Stored data:
=== Begin Enclosure ===

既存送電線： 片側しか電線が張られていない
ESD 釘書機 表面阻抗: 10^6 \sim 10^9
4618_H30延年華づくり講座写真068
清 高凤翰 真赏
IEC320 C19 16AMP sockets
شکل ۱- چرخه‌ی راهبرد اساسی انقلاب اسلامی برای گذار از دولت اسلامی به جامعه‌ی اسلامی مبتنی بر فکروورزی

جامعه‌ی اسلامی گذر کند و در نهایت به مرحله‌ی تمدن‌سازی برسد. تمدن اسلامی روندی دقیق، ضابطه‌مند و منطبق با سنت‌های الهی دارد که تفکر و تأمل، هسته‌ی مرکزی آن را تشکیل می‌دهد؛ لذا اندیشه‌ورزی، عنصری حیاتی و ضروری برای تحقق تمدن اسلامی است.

=== End Enclosure ===
=== Begin Enclosure ===

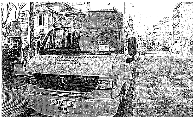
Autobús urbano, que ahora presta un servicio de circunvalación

=== End Enclosure ===

Work task:
Produce only the lines from the line containing "既存送電線： 片側しか電線が張られていない" through the line containing "جامعه‌ی اسلامی گذر", inclusive of both, exactly as they stand in the entries above.

Solution for this problem:
既存送電線： 片側しか電線が張られていない
ESD 釘書機 表面阻抗: 10^6 \sim 10^9
4618_H30延年華づくり講座写真068
清 高凤翰 真赏
IEC320 C19 16AMP sockets
شکل ۱- چرخه‌ی راهبرد اساسی انقلاب اسلامی برای گذار از دولت اسلامی به جامعه‌ی اسلامی مبتنی بر فکروورزی

جامعه‌ی اسلامی گذر کند و در نهایت به مرحله‌ی تمدن‌سازی برسد. تمدن اسلامی روندی دقیق، ضابطه‌مند و منطبق با سنت‌های الهی دارد که تفکر و تأمل، هسته‌ی مرکزی آن را تشکیل می‌دهد؛ لذا اندیشه‌ورزی، عنصری حیاتی و ضروری برای تحقق تمدن اسلامی است.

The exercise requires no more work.